« Return to Thread: Getting "bitronix.tm.internal.BitronixXAException: resource already started on XID" error

Re: Getting "bitronix.tm.internal.BitronixXAException: resource already started on XID" error

by Brett Wooldridge-2 :: Rate this Message:

| View in Thread

Eric,

Another thing which will be useful whether you're running  btm 2.1.2 or the development branch
is to enable logging.  Bitronix has extensive logging, and usually if we can see the logs from
the time of the error, we can figure out what went wrong (whether it was a bitronix bug or a bug
in some other component in the stack).

Because of the volume of logging from Bitronix, I recommend logging to a different file than
your primary application log.  Also, because of the volume of logging -- particularly under a 
load test -- I recommend rolling the logs so you don't lose the logs at the crucial time of
failure.

Here is a sample recommended configuration for log4j:

log4j.logger.bitronix.tm=debug, BTM
log4j.additivity.bitronix.tm=false

log4j.appender.BTM=org.apache.log4j.RollingFileAppender
log4j.appender.BTM.File=btm.log
log4j.appender.BTM.MaxFileSize=10MB
log4j.appender.BTM.MaxBackupIndex=50
log4j.appender.BTM.layout=org.apache.log4j.PatternLayout
log4j.appender.BTM.layout.ConversionPattern=%d{HH:mm:ss,SSS} [%-25.25c{1}] [%-25t] %-5p - %m%n

This is going to create a 10MB log file, which rolls 50 times (btm.log.1, btm.log.2, etc.).  The [%-25t] part
is also crucial because it logs the thread name.

What you want to do is run your load test, and if you can, stop the test as soon after the error is
observed as possible.  In your application log, find the exception that occurred during the run, and note
the time (HH:mm:ss,SSS).  Now, start opening btm.log files (btm.log, btm.log.1, btm.log.2, etc) and
find the one that contains the same approximate timestamp as the application error (+/- a few milliseconds).

Once you find the corresponding btm log, zip that btm.log AND THE TWO NEXT OLDER LOGS together
with the application log file with the error.  So, if you the error timestamp corresponded to logs in the
btm.log.18 file, zip that file along with btm.log.19 and btm.log.20 files.

You can open a bug and attach the zipped log files and we'll take a look at them.

Regards,
Brett


On Sat, Dec 10, 2011 at 6:55 PM, Brett Wooldridge <brett.wooldridge@...> wrote:
Hi Eric,

Thanks for using Bitronix.  I'm sure Ludovic will be responding soon regarding this issue, but
if you're willing to test the BTM-2.2 development branch, I would be interested to see if this
issue has been fixed.

With BTM-2.2 we're moving from a Java 1.4 codebase to Java 5.  And in the process
converting the code to use type-safe collections and more importantly taking advantage of
the newer Java 5 concurrent collections and synchronization primitives.  While going
through this process, I found at least one theoretical race condition, though not one that
had yet been reported.

I've been running the BTM-2.2 codebase on our pre-production servers for the past
two months, and have run several tens of millions of transactions through without 
issue.  Admittedly, we do not have multiple datasources and are not using LRC, so 
your environment is definitely different.

So, if you want to try the snapshot and give me your feedback regarding this issue
or whether any other errors occur in your testing.  I've made a snapshot available here:


Regards,
Brett

On Sat, Dec 10, 2011 at 12:32 AM, Eric Westfall <ewestfal@...> wrote:
Hello, we're having an issue that I'm hoping someone on this list may know something about.

We have an application configured which uses two different databases.
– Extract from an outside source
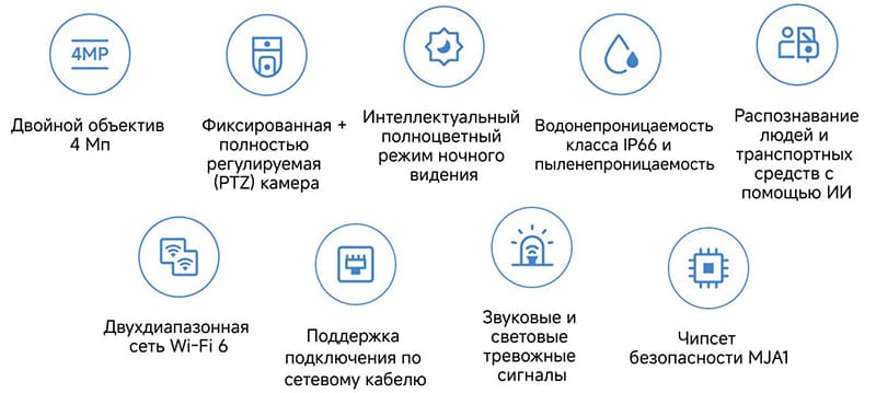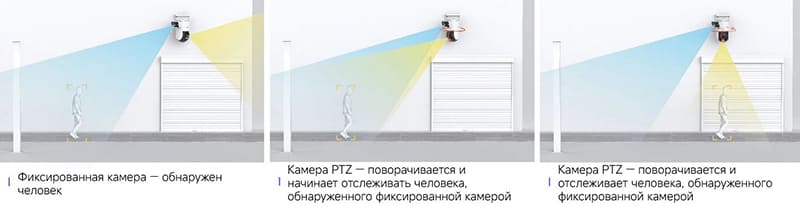 Работа двух камер синхронизирована программно. Когда в поле зрения стационарного объектива появляется человек или автомобиль, нижний поворотный модуль автоматически фокусируется на объекте и начинает его сопровождение (трекинг). Встроенный нейросетевой процессор различает типы объектов, фильтруя ложные срабатывания на движение веток, насекомых или смену освещения. Приложение позволяет просматривать видеопоток с двух камер одновременно на одном экране.

It's using the transaction management support provided by the spring framework configured for JTA.  Things seems to work well most of the time, but when we run load tests against it we get errors similar to the following occasionally:

* bitronix.tm.internal.BitronixXAException: resource already started on XID a Bitronix XID [737072696E672D62746D0000013423394EA100000E41 : 737072696E672D62746D0000013423394F0100000E4F]
       at bitronix.tm.resource.jdbc.lrc.LrcXAResource.start(LrcXAResource.java:135)
       at bitronix.tm.internal.XAResourceHolderState.start(XAResourceHolderState.java:219)
       at bitronix.tm.internal.XAResourceManager.enlist(XAResourceManager.java:111)
       at bitronix.tm.BitronixTransaction.enlistResource(BitronixTransaction.java:93)
       at bitronix.tm.resource.common.TransactionContextHelper.enlistInCurrentTransaction(TransactionContextHelper.java:70)
       at bitronix.tm.resource.jdbc.JdbcConnectionHandle.enlistResource(JdbcConnectionHandle.java:84)
       at bitronix.tm.resource.jdbc.JdbcConnectionHandle.prepareStatement(JdbcConnectionHandle.java:289)
       at sun.reflect.GeneratedMethodAccessor50.invoke(Unknown Source)
   ...

Full stack trace here: http://www.pastie.org/2991516

Any ideas on why this might be happening?  It appears that somehow a resource which is "started" is getting reused across multiple concurrent transactions which seems like it shouldn't happen.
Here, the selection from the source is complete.